Friday, June 20, 2014

What does it mean to be a man? (Part 2)

Written by Paul Larson

First Night in the Woods:

Well, we dropped off the older three kids at camp and after 13 hours of driving north with our tent, one pair of clothes for the river a cooler of food, we arrived at our first camp ground before heading out on the river the following day.  If you asked me where this place was, I would not be able to tell you.  This was one of those situations when the iPhone GPS lost it's signal an hour ago and you are navigating through the back woods of Wisconsin praying you will see another living being.  Even I was willing to stop and ask for directions at this point.  The sun was setting and my eyes were peeled for any sign of a grass patch where I could set up my makeshift tent to rest for the night.  Just then the "check engine immediately" light came on in my nearly ten year old pick up truck.  "Great" I thought, "why did I fight the urge to buy that new Denali I have been looking at to fit the wrong size monster tires purchased on eBay last month?"  Now I am in the middle of no where and there is nothing I am going to be able to do but wait for the next elk to walk by and try to jump on the back of that thing.  This was my first thought of "what happens if this doesn't all work out the way you had hoped".  How was I going to teach my sons to be a man if I couldn't even get to where we needed to be?  Maybe The Lord had something different in mind for us.  Little did I know what was about to come later in the week.

Thankfully, mounting an elk was not in the forecast for us.  I turned the corner and came into the bustling town of "day lake" with a population of 24.  That was a larger number than the teeth that were in the man's mouth at the local gas station which doubled as the bar, post office and town hang out.  I laughed as I thought about moving my family here.  We could nearly double there size with one family not to mention offer another possible means to marry off there children to someone not related.  The gentleman (loose definition) directed informed me that there was a camp ground just a mile up the road.  The check engine light would have to wait.  I was not about to ask if there was a shop in the vicinity of lets say 250 mile radious.  he would have just laughed and revealed those pearly whites (or should I say "white") again.
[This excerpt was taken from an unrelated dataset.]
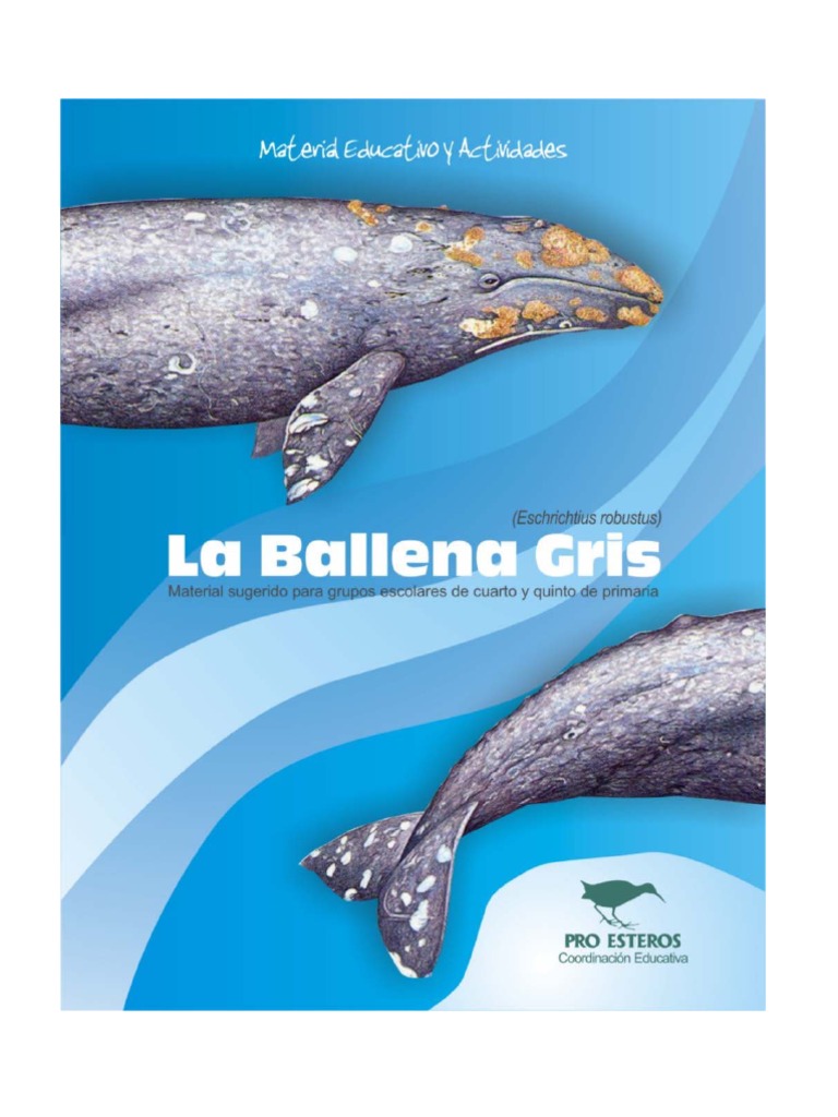 los humedales de la pennsula de Baja California en su reproduccin. Este cuaderno incluye informacin acerca de la vida, migracin y reproduccin de este mamfero, as como una serie de actividades de apoyo relacionadas con los temas tratados. Pro Esteros es una organizacin ciudadana, dedicada desde 1988 a la proteccin de los humedales costeros de la pennsula de Baja California. Si desea obtener mayor informacin o realizar algn comentario, por favor comunquese a la Coordinacin Educativa de Pro Esteros:

I should have known there would be a problem when we arrived at the camp site and there was not a soul around.  I opened the door to my truck and was immediately introduced to Wisconsin's state bird, the Mosquito!  It was as if old Harry yelled to his mosquito friends, "Quick, come over here, we have a live one!"  Now I knew why the guys at camp laughed at me when dropping the kids off when they heard my plans to camp out.  His parting words as I walked out the door were "make sure you have some bug spray".  The opportune word was "some" I thought.  At this point, I was convinced I would need at least ten bottles of that 100% deet stuff.  I surveyed the camp site through the swarm of mosquitoes and chuckled at the last time I was in a situation like this.  In college, I went to the Boundary Waters with some guys and suited up in our nets from head to toe to keep those blood-sucking vermin off of you.  There is nothing like a "man trip" to the woods in only a mosquito net (and I mean only).  Our plan was to take our hatchets and knives to man-handle a bear in the evening when it came for our food.  We all camped in surrounding trees in wait.  Thank God, the bears never came, or I would not likely be writing this now.  Well, this time I had my two small sons with me and having a bear visit in the evening was no longer in my "top 10 list".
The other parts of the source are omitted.